From: Brian Behlendorf <brian@organic.com>
Date: Mon, 17 Apr 1995 19:39:24 -0700 (PDT)
To: www-talk@www10.w3.org
Message-Id: <Pine.3.89.9504171914.f492-0100000@eat.organic.com>
There are a couple systems starting to be deployed now that attempt to gain
information about "clickstreams".  "Clickstreams" are the paths people take
when they traverse your site - many content providers would find it useful to
be able to detect common patterns or the effectiveness of various user
interfaces.  The problem is, of course, that HTTP is stateless, and beyond
the hostname offers very little in the way of identification of unique
"trips" through the content site.  Given that more than one person can use a
hostname (proxy servers, etc), there's no reliable way to exactly identify a
unique person without implementing access control (as I did at HotWired, and
believe me, it's not a general solution).
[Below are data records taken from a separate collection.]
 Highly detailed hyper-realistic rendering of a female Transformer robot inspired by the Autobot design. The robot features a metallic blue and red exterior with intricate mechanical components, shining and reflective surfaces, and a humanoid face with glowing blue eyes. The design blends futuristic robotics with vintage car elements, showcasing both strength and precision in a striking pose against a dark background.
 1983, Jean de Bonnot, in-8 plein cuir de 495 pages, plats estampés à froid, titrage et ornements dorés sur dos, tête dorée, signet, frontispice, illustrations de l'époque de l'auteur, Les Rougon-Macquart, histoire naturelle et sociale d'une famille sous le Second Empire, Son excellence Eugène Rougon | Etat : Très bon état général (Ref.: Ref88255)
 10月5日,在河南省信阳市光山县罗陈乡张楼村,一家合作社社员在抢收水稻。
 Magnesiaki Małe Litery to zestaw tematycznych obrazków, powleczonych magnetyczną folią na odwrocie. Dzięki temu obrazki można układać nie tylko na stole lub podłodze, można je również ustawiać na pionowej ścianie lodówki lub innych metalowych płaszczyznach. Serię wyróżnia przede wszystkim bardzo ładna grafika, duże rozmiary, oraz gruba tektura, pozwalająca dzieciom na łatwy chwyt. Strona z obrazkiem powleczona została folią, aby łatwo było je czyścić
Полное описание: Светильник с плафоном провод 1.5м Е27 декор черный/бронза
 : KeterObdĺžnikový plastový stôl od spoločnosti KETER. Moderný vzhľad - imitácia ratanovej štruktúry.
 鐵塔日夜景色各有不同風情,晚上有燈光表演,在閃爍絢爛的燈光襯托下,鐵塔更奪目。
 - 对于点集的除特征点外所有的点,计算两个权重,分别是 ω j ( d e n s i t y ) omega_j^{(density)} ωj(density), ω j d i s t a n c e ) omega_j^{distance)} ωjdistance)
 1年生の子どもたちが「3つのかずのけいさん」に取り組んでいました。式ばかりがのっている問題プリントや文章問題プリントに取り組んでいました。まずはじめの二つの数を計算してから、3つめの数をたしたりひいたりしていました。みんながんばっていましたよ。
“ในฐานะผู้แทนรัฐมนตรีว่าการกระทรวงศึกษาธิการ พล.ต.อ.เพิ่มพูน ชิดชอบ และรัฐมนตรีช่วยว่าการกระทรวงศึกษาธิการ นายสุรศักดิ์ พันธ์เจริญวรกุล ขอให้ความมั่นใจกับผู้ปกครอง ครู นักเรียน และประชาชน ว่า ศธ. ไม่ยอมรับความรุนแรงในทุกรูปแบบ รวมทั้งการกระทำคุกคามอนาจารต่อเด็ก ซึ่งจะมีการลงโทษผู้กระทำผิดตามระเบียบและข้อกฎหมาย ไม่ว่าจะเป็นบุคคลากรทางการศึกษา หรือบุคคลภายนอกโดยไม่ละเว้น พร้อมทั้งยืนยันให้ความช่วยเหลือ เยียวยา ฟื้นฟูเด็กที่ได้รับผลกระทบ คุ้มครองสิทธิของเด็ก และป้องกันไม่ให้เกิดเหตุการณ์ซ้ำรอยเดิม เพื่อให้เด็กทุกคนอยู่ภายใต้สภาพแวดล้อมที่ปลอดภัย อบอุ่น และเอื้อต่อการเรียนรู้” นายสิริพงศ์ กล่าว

Compound this with the fact that
people can begin and end their "trips" at any page on a site, and you'll see
this is a big problem for sites interested in this kind of statistical
information.

The systems being implemented, by companies like IPRO (http://www.ipro.com/)
and content providers like PathFinder (http://www.pathfinder.com/) are
fatally flawed.  They create a unique session ID when a user touches their
home page that gets encoded between the hostname and the path/file in the URL
(in the case of pathfinder), and that session ID stays with you throughout
your journey through the site.  Of course, this session ID also stays with me
if I save a hotlist reference to a page beyond the home page, or if I cut and
paste the URL and mail it around to my friends.  In the latter case, if I'm
given the session ID of "KJHFJHDSF", then all my friends go visit that page,
they'll all see accesses under session-ID "KJHFJHDSF".  This system also
destroys caching of documents, both local disk and proxy caches.  I told 
this much to a reporter at MediaWeek last week.
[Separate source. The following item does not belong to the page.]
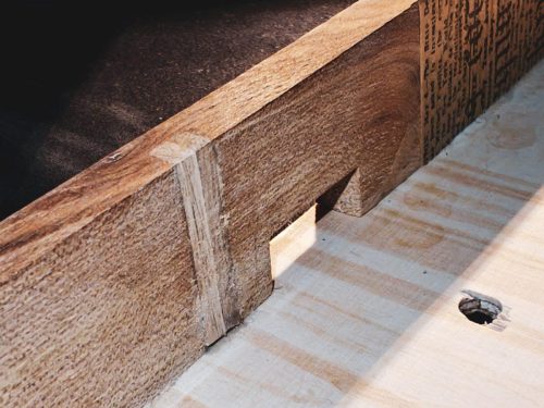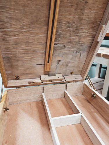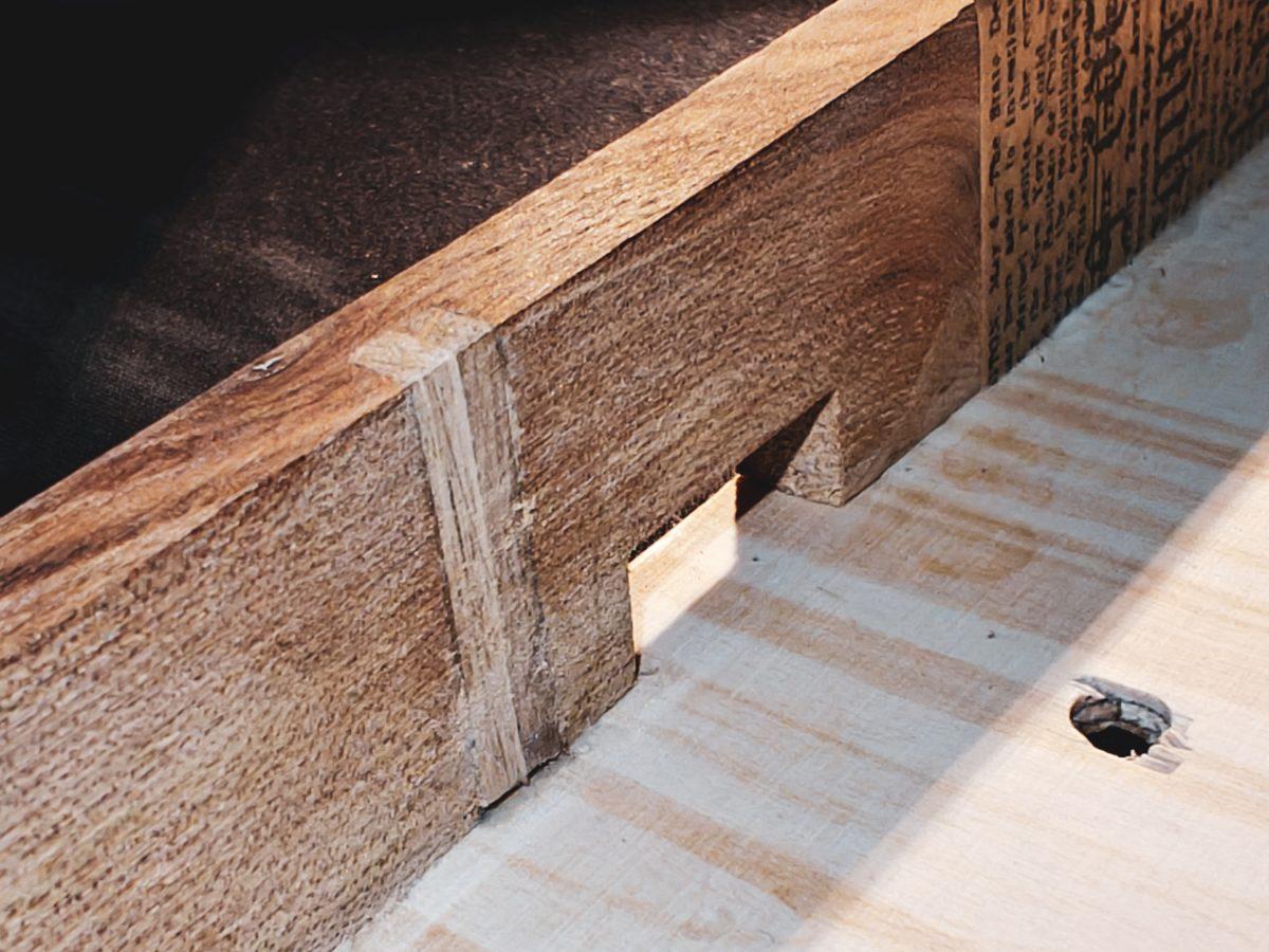 Toinen keskeinen korjaus koski kankaan kannatinlistaa. Siihen oli alkanut tulla murtumia, ja se olisi lopulta katkennut painon alla. Vaihdon sijaan vahvistin listaa liimaamalla sen päälle ohuen puusäleen, jolloin alkuperäinen osa voitiin säilyttää.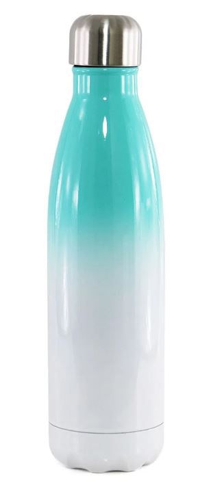 Para manter-se hidratado é mais prático ter sempre por perto uma garrafa, se ela for personalizada, fica muito melhor. Esta garrafa de aço inoxidável é muito mais resistente, pois tem parede dupla e mantém o líquido fresquinho, tem design ousado, na cor branca e Azul Tifany com tampa prata, ideal para academias e esportes em geral.

There is definitely a demand for this kind of information, and it would 
help make professional web sites more responsive to what really works and 
what doesn't - and this is also information that current web logs 
and the HTTP protocol really can't provide.  However, any proposed 
solution *must* protect the anonymity of the user, for it's not really 
necessary to lose that when all that's cared about is unique sessions.
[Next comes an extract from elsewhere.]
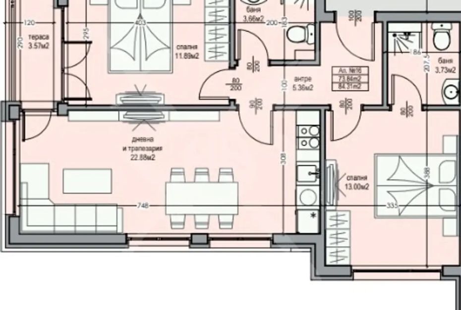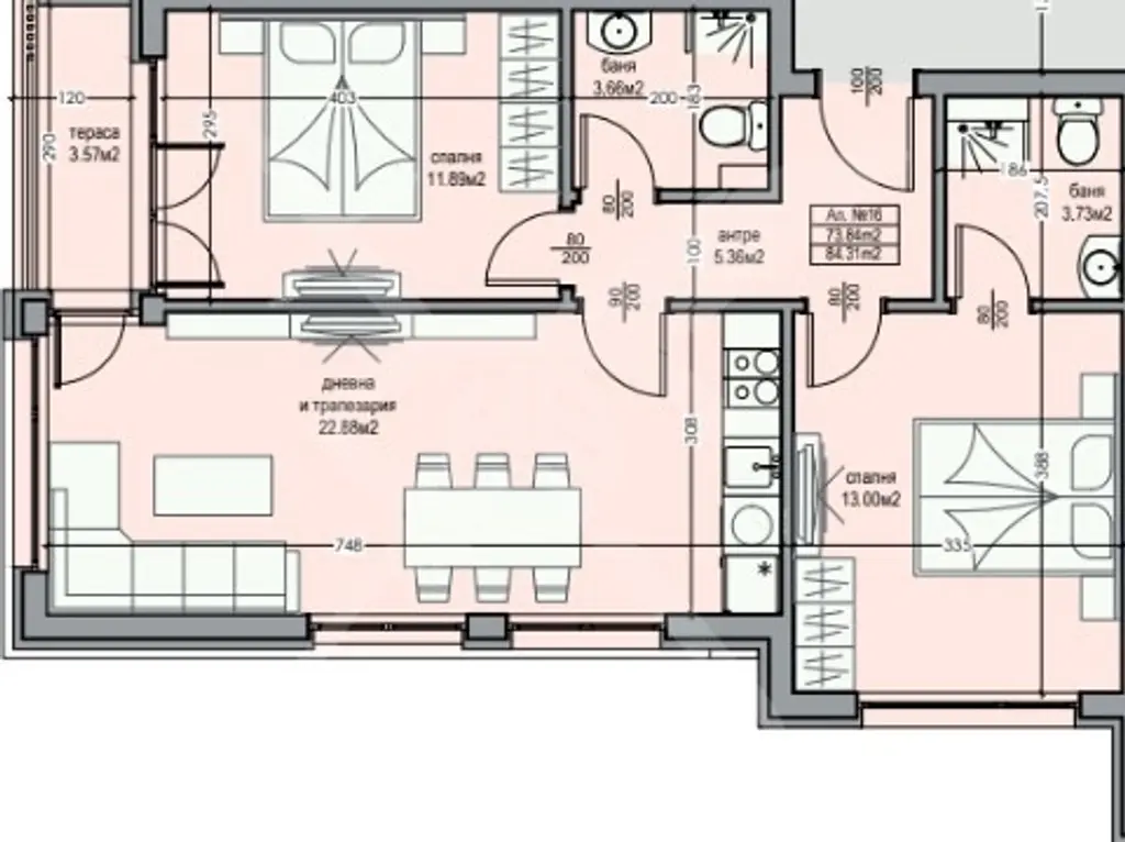 РАЗПРЕДЕЛЕНИЕ: Жилището разполага с площ 84кв.м., състои се от хол с кухненски бокс, две спални, две бани с тоалетна и тераса.

So, I'd like to propose for discussion a new HTTP header (hi Roy!) called 
"Session-ID".  This would be optional, of course, and it would change any 
time the browser is restarted (or when the user wished).  It would 
consist of a string of 32 random base 64 characters (or whatever encoding 
is allowed in headers).  It would allow the content provider to see the 
"path" one takes through his system, even when two separate requests are 
interlacing through a proxy server (HotWired would often get 5 
individuals hitting it from antares.prodigy.com at the same time), 
without requiring user authentication or divulging of any personal 
information.  The "From:" header would also work, but it would give away 
information that most would probably prefer not to give.  

The only flaw is that the session-ID is temporary and can't be used to 
determine if 50 sessions are 5 people visiting you 10 times, or 50 people 
visiting you once.  An analysis of domains can help with that though.

Comments?  I'd obviously like to try implementing this, maybe it's time 
to learn elisp..... :)

	Brian

--=-=-=-=-=-=-=-=-=-=-=-=-=-=-=-=-=-=-=-=-=-=-=-=-=-=-=-=-=-=-=-=-=-=-=-=-=--
brian@organic.com  brian@hyperreal.com  http://www.[hyperreal,organic].com/
Received on Monday, 17 April 1995 22:39:15 UTC